How to Optimize Your Life with the Power of Habits

We are what we repeatedly do. Excellence, then, is not an act, but a habit.

 – Will Durant

Are you seeking to make some positive changes in your life? Research proves that while motivation and willpower are necessary and helpful, they can only take you so far. They work well in the short term, but they wane over time. If the goal you are striving for is a more complex or long-term one (like losing weight), building habits that serve that goal is a more durable approach that leads to success.

Habits are the repetitive actions that guide how we live our lives, usually without conscious thought. Neuroscience tells us that our brains seek to conserve energy, and a powerful way to do that is through routines that become our habits. According to researchers at Duke University, habits account for about 40% of our behaviors on any given day!

By creating deliberate habits for your life, you eliminate the need to make choices that challenge your willpower, sap your motivation and use your mental energy. When you always do things a certain way, they become automated. You don’t have to spend any time or energy thinking about what to do next or making a decision that requires willpower or motivation.

Because habits are such an effective way of empowering behaviors, we are going to use Fresh Start February to discuss three science-based approaches to creating or changing habits.

Charles Duhigg opened the conversation around habits about a decade ago with his book the Power of Habit (though Stephen Covey’s book refers to habits, it is in a value-specific way, not so much a conceptual way). Using research and case studies, he offers a framework for understanding how habits work and a guide to experimenting with how they can be changed.

MIT researchers defined 3 stages that are critical in forming any habit: a cue, a routine and a reward. The reward satisfies the craving that was prompted by the cue. This is called the ‘Habit Loop’, and Duhigg outlines how these elements are the key to understanding why we do what we do.

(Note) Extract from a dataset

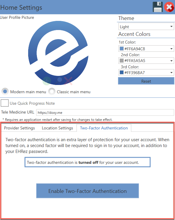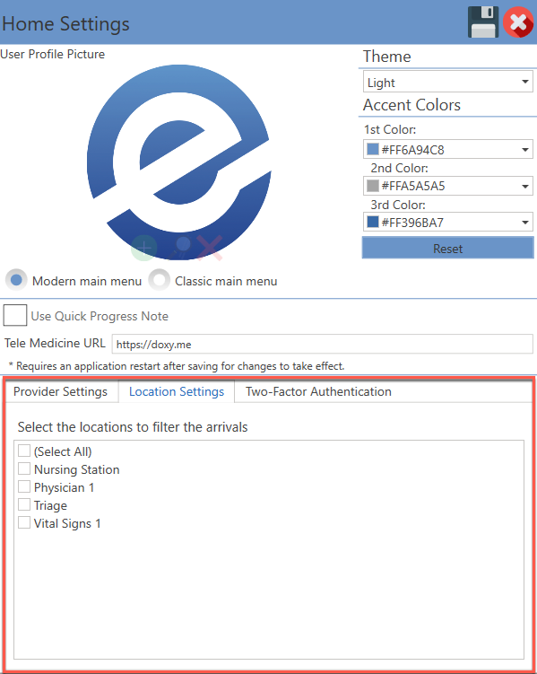 - Tele Medicine URL: Espacio para ingresar el URL (Uniform Resource Locator) necesario para acceder al programa de telemedicina.

His Golden Rule of Habit Change is that you cannot eliminate a bad habit, you can only change it. It is much easier to redirect the craving than to resist it. This is accomplished by discovering the cue and the reward so you can change the routine in a way that satisfies the craving in a more positive way.

When it comes to changing a habit (rather than creating a new one) he breaks the process down into 4 steps:

  1. Notice your routine

The routine is the most obvious aspect of the habit loop – it’s the behavior you want to change. Your goal is to identify how you go from a cue to following the routine that leads to the reward.

  1. What is your reward?

Every habit has a specific reason behind it. Rewards are powerful because they satisfy the craving. These cravings are often unconscious, so it’s important to identify the actual need that drives the behavior. To do this, adjust your habit so it delivers a different result. The goal here is to figure out why you follow the routine:

  • Is it from a need to fit in?
  • Are you bored?
  • Do you get an emotional charge?
  • Are you trying to relax?

Experiment to discover the underlying reason for why you follow a habit.

  1. Find your cue

Every habit starts with a trigger that tells your brain that you want a specific reward. Your goal is to identify the cue for every action. Duhigg says the most common cues are location, time, your emotional state, and other people. He suggests that you can gain a lot of insight into your cue by answering these 5 questions:

  • Where are you?
  • What time is it?
  • What’s your emotional state?
  • Who else is around?
  • What action preceded the urge?

Noting and keeping a record of these 5 answers every time you experience a habit cue is the first step towards making a lasting change.

  1. Create your plan

You can’t control the cue and you can’t change the craving the reward is satisfying. But you can change the routine by following a new plan of action (that provides the same reward) whenever you experience a cue. Use the information gained from the 5 questions you just answered to create your specific plan.

EXAMPLE:

Maybe you’re trying to change the habit of drinking a glass of wine every evening. In the research phase, you discovered this behavior is based on a need to relax after a stressful day. You also found that you get the same reward from doing yoga. Your new routine could be: At 8 PM every day (cue), I do yoga for at least 15 minutes (routine) because it relaxes me (reward).

Remember, a habit is a choice that we deliberately made at some point, then stop thinking about but continue doing. To re-engineer that formula, you need to make a choice again with a well-researched plan. Decide ahead of time what you’re going to do when you encounter the cue in order to reach the reward in a deliberate way.